Reported on the fricitonlessdata gitter channel. The symptom is that jobs created via the API (eg in try.goodtables.io or openspending.org/packager/provide-data are never finished, and the client keeps making requests to get an update until you get the following error:
Error: Reached Maximum Attempts
Looking at the pods and the logs, the following from the worker container points to the problem:
kubectl -n production logs goodtables-io-production-xxxxx-yyyy -c goodtables-worker -f
[2019-07-26 09:49:37,169: ERROR/MainProcess] Process 'ForkPoolWorker-1' pid:19 exited with 'signal 9 (SIGKILL)'
[2019-07-26 09:49:37,184: ERROR/MainProcess] Task handler raised error: WorkerLostError('Worker exited prematurely: signal 9 (SIGKILL).',)
Traceback (most recent call last):
File "/usr/local/lib/python3.5/site-packages/billiard/pool.py", line 1223, in mark_as_worker_lost
human_status(exitcode)),
billiard.exceptions.WorkerLostError: Worker exited prematurely: signal 9 (SIGKILL).
[2019-07-26 09:50:34,453: ERROR/ForkPoolWorker-6] There was an error setting the GitHub status: https://api.github.com/repos/bzg/data-codes-sources-fr/statuses/42f134bb64848b2df3e0318822805fc24b45afd1 {"message":"Not Found","documentation_url":"https://developer.github.com/v3/repos/statuses/#create-a-status"} 406 success
[2019-07-26 09:52:53,348: ERROR/MainProcess] Process 'ForkPoolWorker-6' pid:566 exited with 'signal 9 (SIGKILL)'
[2019-07-26 09:52:53,362: ERROR/MainProcess] Task handler raised error: WorkerLostError('Worker exited prematurely: signal 9 (SIGKILL).',)

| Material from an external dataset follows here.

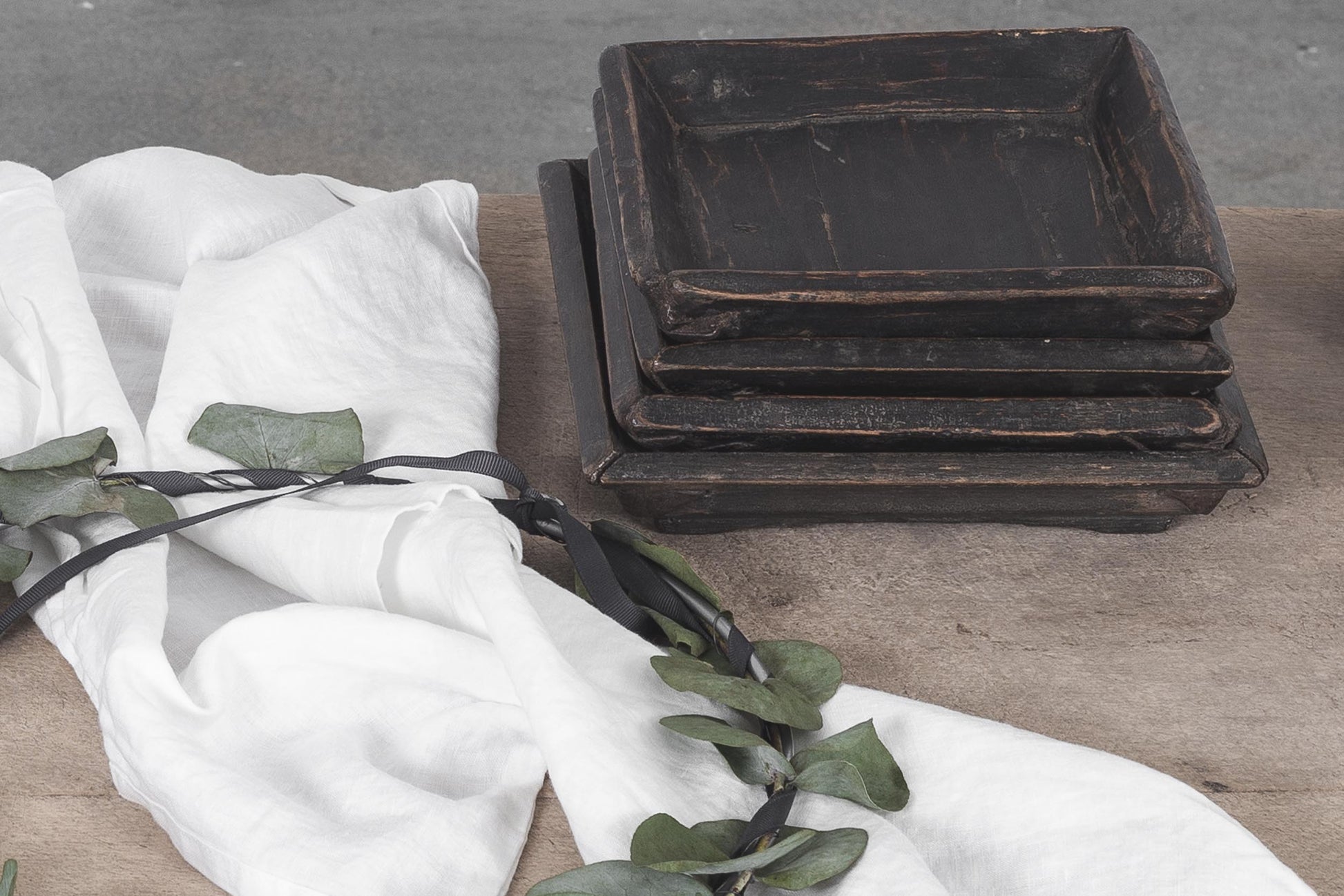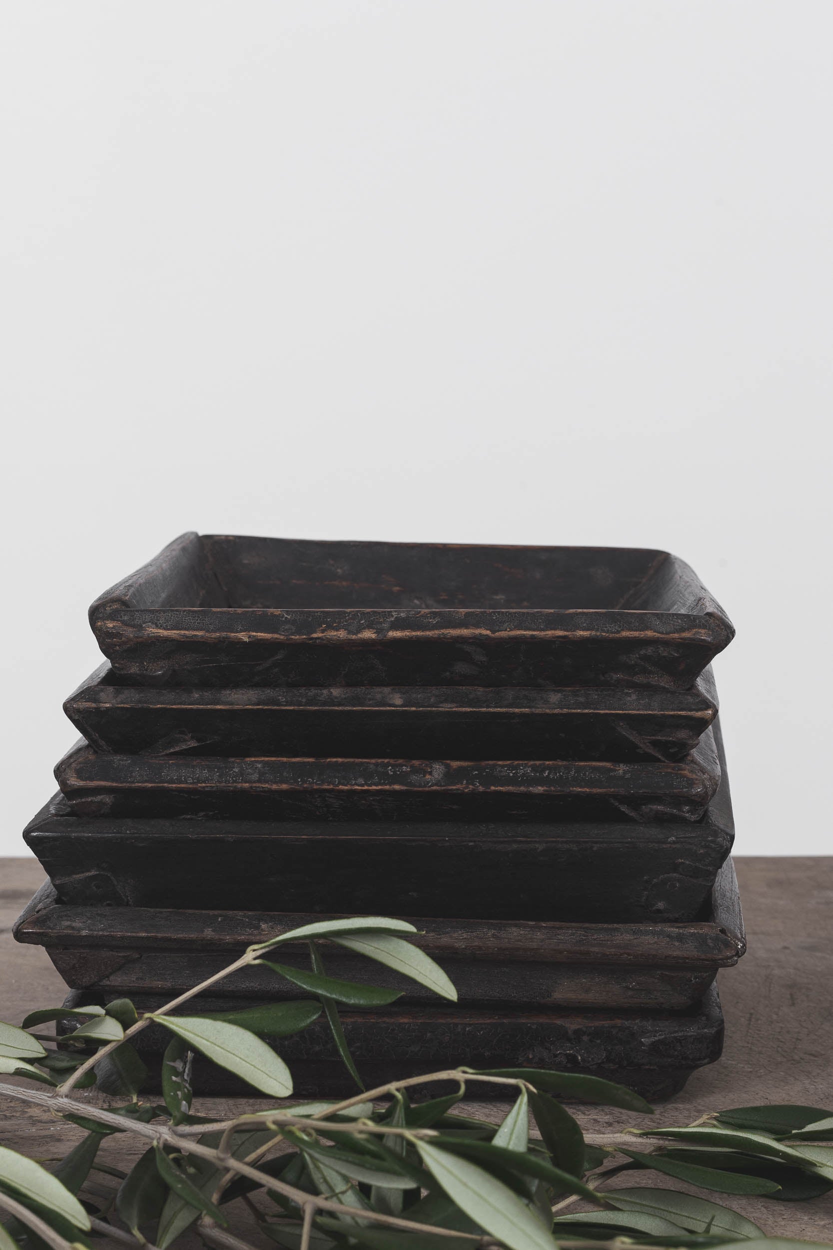 This small rustic tray adds a touch of original vintage charm to any corner of your home. With a worn black finish and one-of-a-kind detailing, no two are exactly the same. Perfect for holding jewellery on your bedside table, soaps in the bathroom, keys by the door, or candles for a cozy touch.
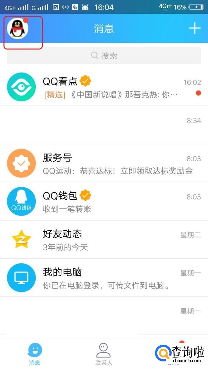 首先,我们打开手机QQ,登录自己的账号,然后点击左上角的头像。

Traceback (most recent call last):
File "/usr/local/lib/python3.5/site-packages/billiard/pool.py", line 1223, in mark_as_worker_lost
human_status(exitcode)),
billiard.exceptions.WorkerLostError: Worker exited prematurely: signal 9 (SIGKILL).
^[[A[2019-07-26 10:17:58,438: WARNING/MainProcess] consumer: Connection to broker lost. Trying to re-establish the connection...
Traceback (most recent call last):
File "/usr/local/lib/python3.5/site-packages/redis/connection.py", line 129, in _read_from_socket
raise socket.error(SERVER_CLOSED_CONNECTION_ERROR)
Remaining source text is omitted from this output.